BRIEF DESCRIPTION OF THE DRAWINGS
[0011] FIG. 1 is a block diagram of a current source circuit with
temperature compensation according to a first preferred embodiment
of the present invention.
[0012] FIG. 2 is a sketch view of a circuit diagram of the current
source circuit with temperature compensation according to the first
preferred embodiment of the present invention.
[0013] FIG. 3 is a sketch view of a specific circuit diagram of the
current source circuit with temperature compensation according to
the first preferred embodiment of the present invention.
[0014] FIG. 4 is a sketch view of the circuit diagram of the
current source circuit with temperature compensation according to a
second preferred embodiment of the present invention.
DETAILED DESCRIPTION OF THE PREFERRED EMBODIMENT
[0015] Referring to FIG. 1 of the drawings, according to a first
preferred embodiment of the present invention, a current source
circuit with temperature compensation comprises a power terminal, a
reference current source unit connected to the power terminal, a
feedback control unit connected to the power terminal and the
reference current source unit, a current source generating unit
connected to the feedback control unit, and a ground terminal
connected to the current source generating unit.

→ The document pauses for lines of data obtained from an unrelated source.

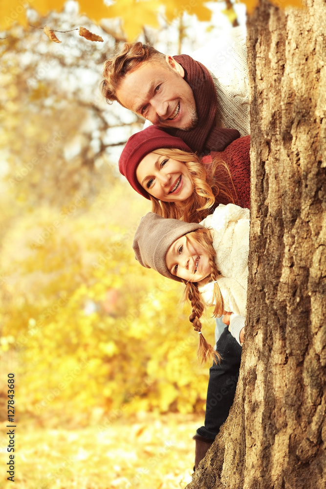 Happy family resting in beautiful autumn park
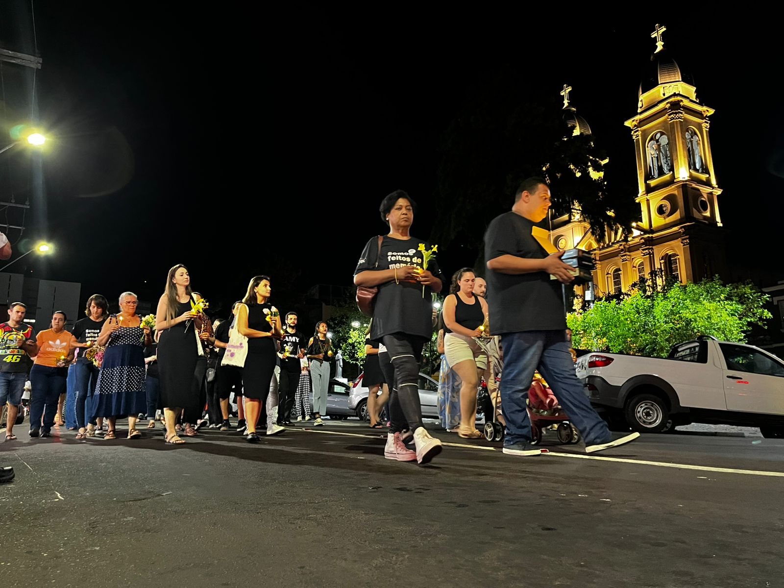 Às 22h, a Caminhada de Vigília teve início. Os presentes seguiram até a Rua dos Andradas, onde funcionava a Boate Kiss, com velas acesas e flores nas mãos, prestando homenagem às 242 pessoas que perderam a vida e às mais de 600 que ficaram feridas no incêndio ocorrido em 2013. A caminhada luminosa refletiu a dor, mas também a força da comunidade para manter viva a memória da tragédia.
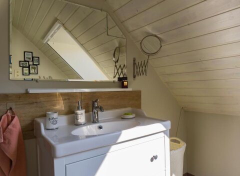 80 m2 tágas nappali, 14 fős étkező, felszerelt konyha áll rendelkezésre az alsó szinten, a tetőtérben pedig a hálószobák kerültek kialakitásra, két fürdőszobával. A hálószobák közül háromban franciaágy, háromban két egyszemélyes ágy található.
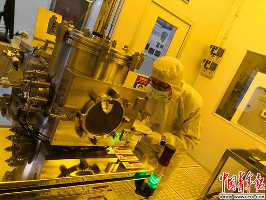 中国科大研究生赵军一正使用原子层沉积设备对样品进行表面处理。中国青年报·中国青年网记者 王海涵/摄
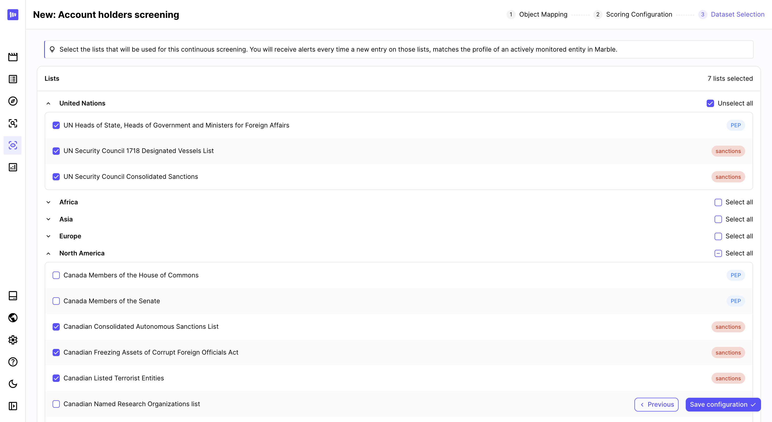 Once your scoring configuration done, the last step is to select the lists against which your will screen your customer base.
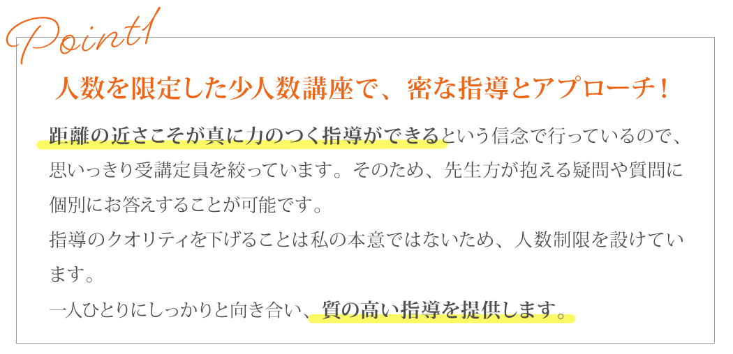 先生の講座は、指導方法だけでなく、何を目指す為の指導なのか、またどのように段階を踏んで教えるのかを、丁寧に教えて下さいます。
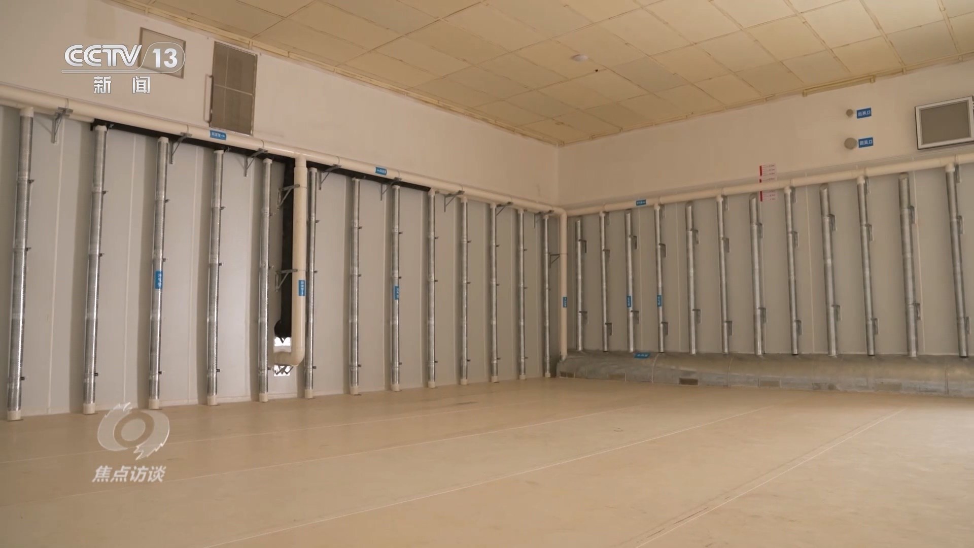 當工作人員打開這座暫時空著的倉庫時,墻壁上的一排排管道十分搶眼,天氣熱的時候,這四面墻的氣道里都會充入冷空氣,再加上頂部的風道,這“五面立體動態(tài)控溫技術”就相當于給糧倉內(nèi)外加了一道隔離帶,低溫保鮮。
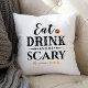 Dieses beängstigende niedliche Halloween-Kopfkissen zeigt die Phrase "Esst Drink and Be Beängstigend" in einem modernen, schwarzen Typografie-Design mit einem orangen Jack o'lantern Kürbisakzent. Personalisieren Sie das Skript mit Ihren Namen / Familiennamen oder mit anderen Texten wie "glücklich halloween". Weißer Hintergrund kann angepasst werden.
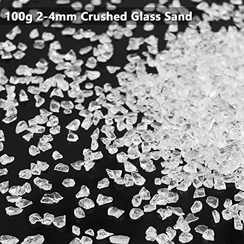 - COLOR & SIZE & WEIGHT: Metallic sparkling Clear, 1.5-4mm irregular crushed glass chips, 100g in total. [WARM TIP] While we are trying to take as accurate pictures as possible, differences in light and screens might affect the colors, therefore please allow slight variations.
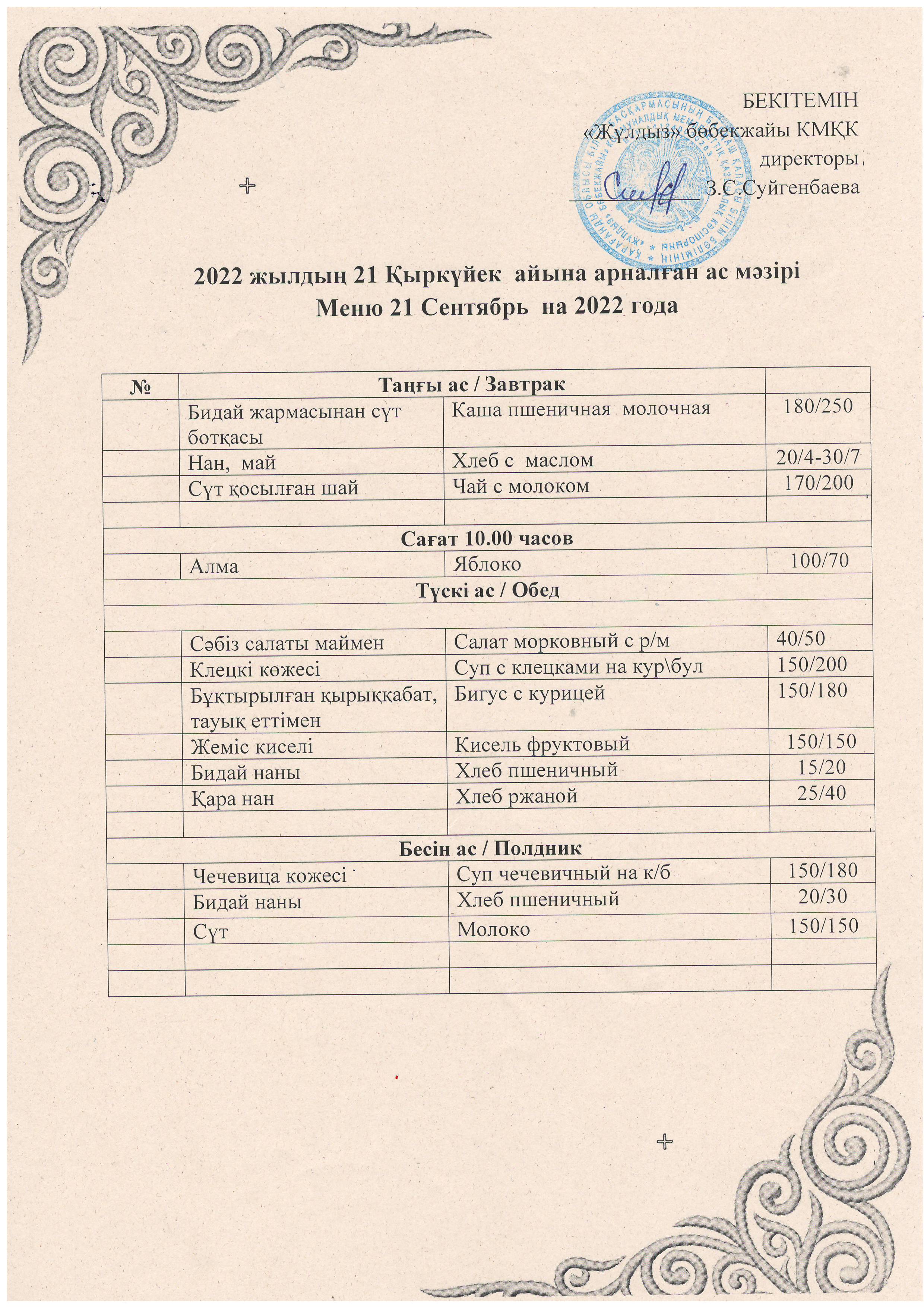 Меню21.09.2022 |
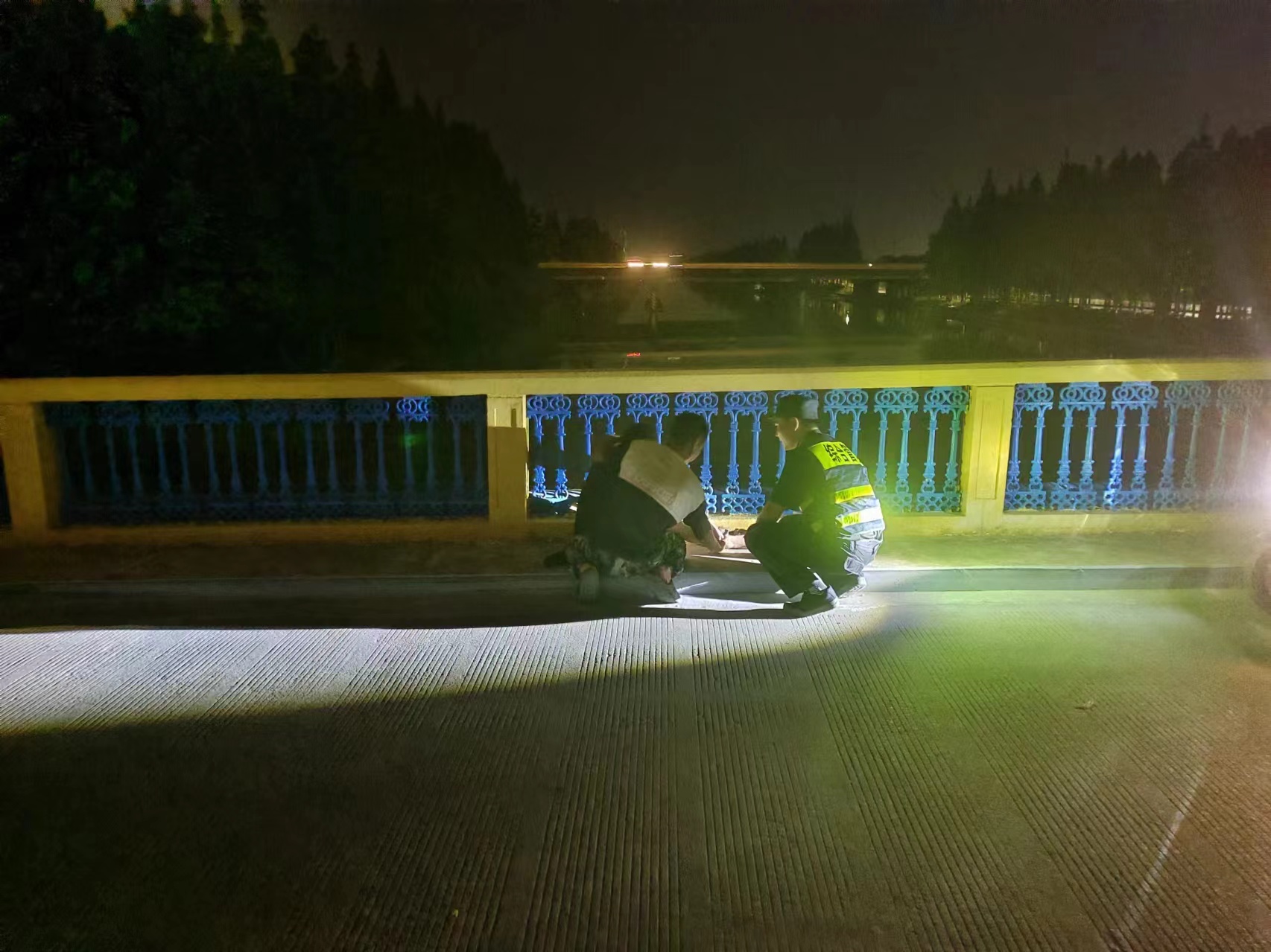 不一會兒,項目隊長朱亞林趕到現(xiàn)場,兩人便慢慢走近該女子,嘗試與她聊天進行勸導。期間,女子的朋友也趕到了現(xiàn)場準備將其接走,不料可能因言語不合,女子情緒突然再度激動起來,直接沖向橋邊要翻越護欄往河中跳。

[0016] Referring to FIG. 2, a circuit diagram of the current source
circuit with temperature compensation according to the first
preferred embodiment of the present invention is showed, wherein
the power supply terminal is a power supply terminal VDD; the
reference current source unit is a current source I; the feedback
control unit comprises a first switching element and an inverting
amplifier INV; the current source generating unit comprises a
second switching element and a first resistor R1; the ground
terminal is a ground terminal GND. According to the first preferred
embodiment of the present invention, the first switching element is
a first field effect transistor (FET) M1, and the second switching
element is a second FET M2; further, the first FET M1 is a PMOS and
the second FET M2 is an NMOS. The switching elements according to
other preferred embodiments of the present invention can be other
type of switching elements or circuits capable of accomplishing
identical functions.
[0017] The circuit diagram according to the first preferred
embodiment has following circuit connections. A gate electrode of
the first FET M1 is connected to an output terminal of the
inverting amplifier INV; a source electrode of the first FET M1 and
a first terminal of the current source I are both connected to the
power supply terminal VDD; a drain electrode of the first FET M1 is
connected to a first terminal of the first resistor R1 and a gate
electrode of the second FET M2; a drain electrode of the second FET
M2 and a second terminal of the current source I are both connected
to an input terminal of the inverting amplifier INV; and a second
terminal of the first resistor R1 and a source electrode of the
second FET M2 are both connected to the ground terminal GND.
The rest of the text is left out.